The aim of this article is to investigate whether high body mass index (BMI) increase the risk of recurrence and correlate with higher glucose uptake in recurrent lesions in post-menopausal women with BC.

2. Materials and Methods

Patients

The hospital RIS/PACS system (Elephant, AGFA) was searched by an author to retrieve post-menopausal women with breast cancer, who had undergone a pre-operative [18F]FDG PET/CT scan before neoadjuvant chemotherapy and curative-intent surgery. Menopausal status was confirmed by means of a written declaration at the time of the [18F]FDG PET/CT scan of the by each patient involved in the study.
Inclusion criteria comprised: a) age>18 years; b) histological confirmation of unilateral breast cancer; c) availability of a pre-operative [18F]FDG PET/CT scan; d) neoadjuvant and curative-intent- surgery; e) confirmation of post-menopausal state; f) availability of clinical follow-up information in the hospital database.
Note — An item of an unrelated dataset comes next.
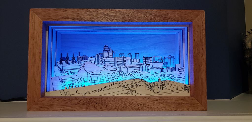 This 3D light box changes colors from blue, green, yellow and red. Or it can be set to just one color. It depicts a hand drawn Kansas City skyline. The box is made from African Mahogany, and the image levels were laser engraved and cut.

Exclusion criteria included execution of neoadjuvant radiotherapy.
The interval between [18F]FDG PET/CT scan and surgery was 1-2 weeks. At the time of the baseline [18F]FDG PET/CT scan, BMI was calculated using the following formula: weight in Kg/(height in m)2. Patients were divided in two groups (high BMI and normal BMI) using a threshold of BMI≥25 kg/m2 according to the recommendation of World Health Organization [20].
Data on patient follow-up and recurrence were gathered from both medical records and the institutional tumor registry. A follow-up of 5 years after the baseline PET/CT scan was planned to identify recurrence in the breast (T_rec); lymph nodes (N_rec); distant locations (M_rec). Follow-up information included imaging scans (US, mammography, CT, MRI and PET/CT scans) and clinical consultations. Patients underwent clinical follow-ups every 6 to 12 months post-surgery.
Due to the retrospective design of the study, the local ethical committee granted a full waiver for ethical approval.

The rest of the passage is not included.